Versioning allows multiple queries of the same data. It allows the creation of
database tables that can be queried by the purchasing agent at one hospital,
without freezing out different queries that want to use the same data. Unlike
many data warehouse systems, the patient data that makes up those tables can
be updated in the background, without disturbing the first purchasing agent's
queries. Queries coming slightly behind the purchasing agent's will still get
access to the same data and, in some cases, it will have been refreshed with
the latest information all without disturbing the initial query.
Versioning also allows the most recent data to be continually added to the
data warehouse and appear in the latest query, says Fred Ho, executive
director of engineering at Decision Server, Red Brick's data warehouse.
That move was a major step forward for a user such as Premier, which has 750
gigabytes of data and many queries.
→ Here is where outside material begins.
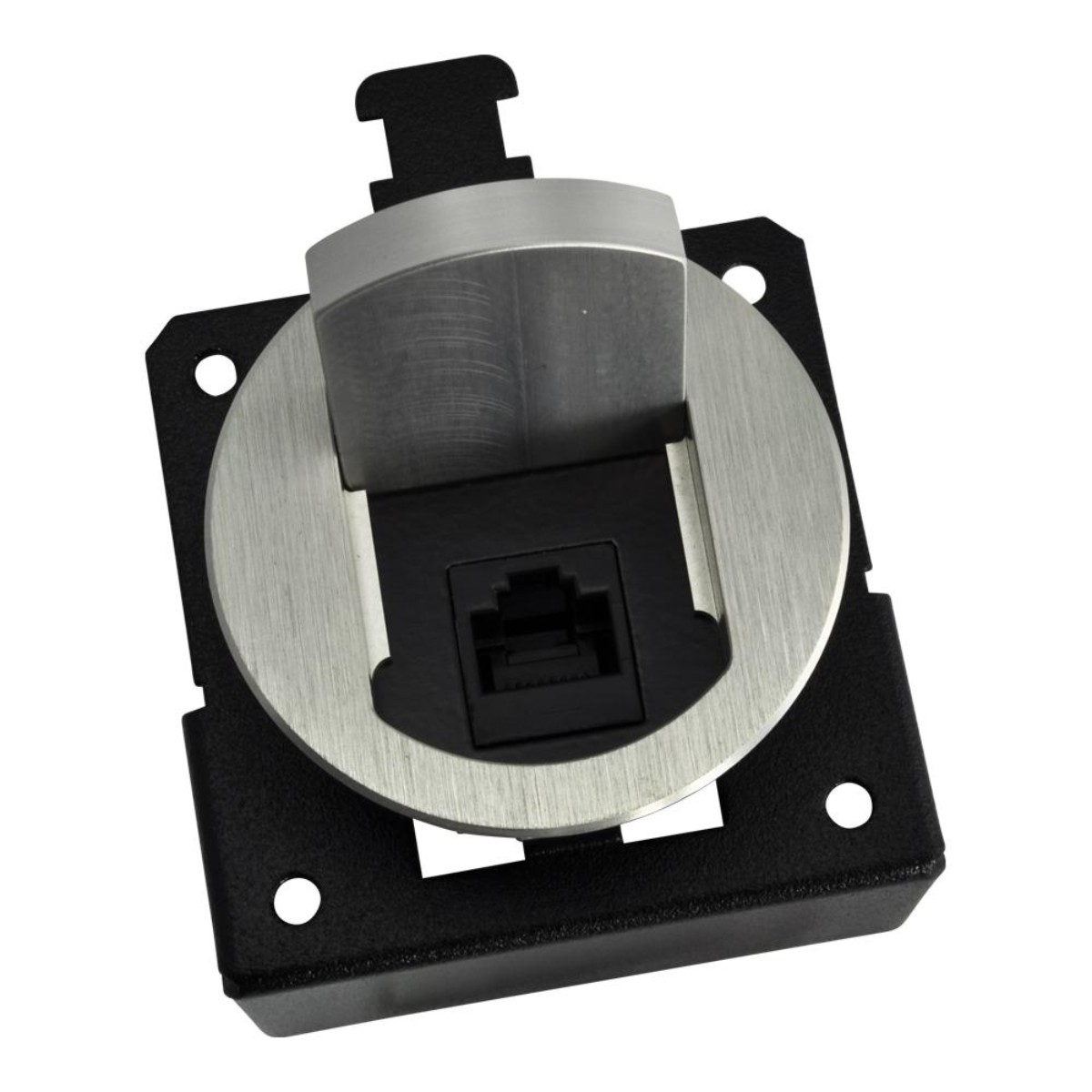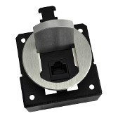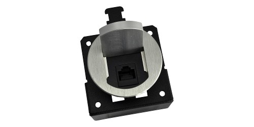 The T3-CAT5-ALM is a T3-MJ 2" mini round aluminum table box with an RJ-45 Connector. This housing style is designed to fit a 2" round hole, with mounting hardware to allow for a variety of table thickness.

New information can be loaded into the
data warehouse and subjected to a query "in a matter of minutes now," Stewart
says.
The advent of multitudes of business intelligence application users has posed
its own problems, says Eric Miles, senior vice president at Sybase's Business
Intelligence division. For example, when Telstra, a cellular phone service
provider in Australia, found its system overwhelmed during the Olympics last
summer, it programmed its antenna pointing system based on previously
discovered calling patterns mined from the data warehouse. For example,
Telstra found traffic mushroomed at the end of the gymnastics events as crowds
of Chinese onlookers left the stadium to call in results, and adjusted its
system accordingly, Miles says.
Sybase uses IQ Multiplex, its variation on indexing data, to speed data access
and return results from what the company calls its "portal-ready" data
warehouse system. IQ Multiplex's indexing and rapid retrieval was behind the
system ranked "as the largest data warehouse in the world on an NT platform,"
says Richard Winter, president of Winter, which annually ranks the largest
database systems in the world.
To speed the use of Web site data, SPSS, a Chicago data mining software
vendor, brought out its Clementine 6.0 workbench in December. Customers use
the workbench to build online data mining applications, and SPSS has added
Clementine Application Translater templates to the workbench, giving Web site
developers "80 [percent] to 90 percent" of the framework of an application,
says Colin Shearer, vice president of data mining at SPSS. By using the
templates, developers can rapidly construct profile engines and other
applications that respond to visitors on a site, using the data about them
that's in the data warehouse, Shearer says.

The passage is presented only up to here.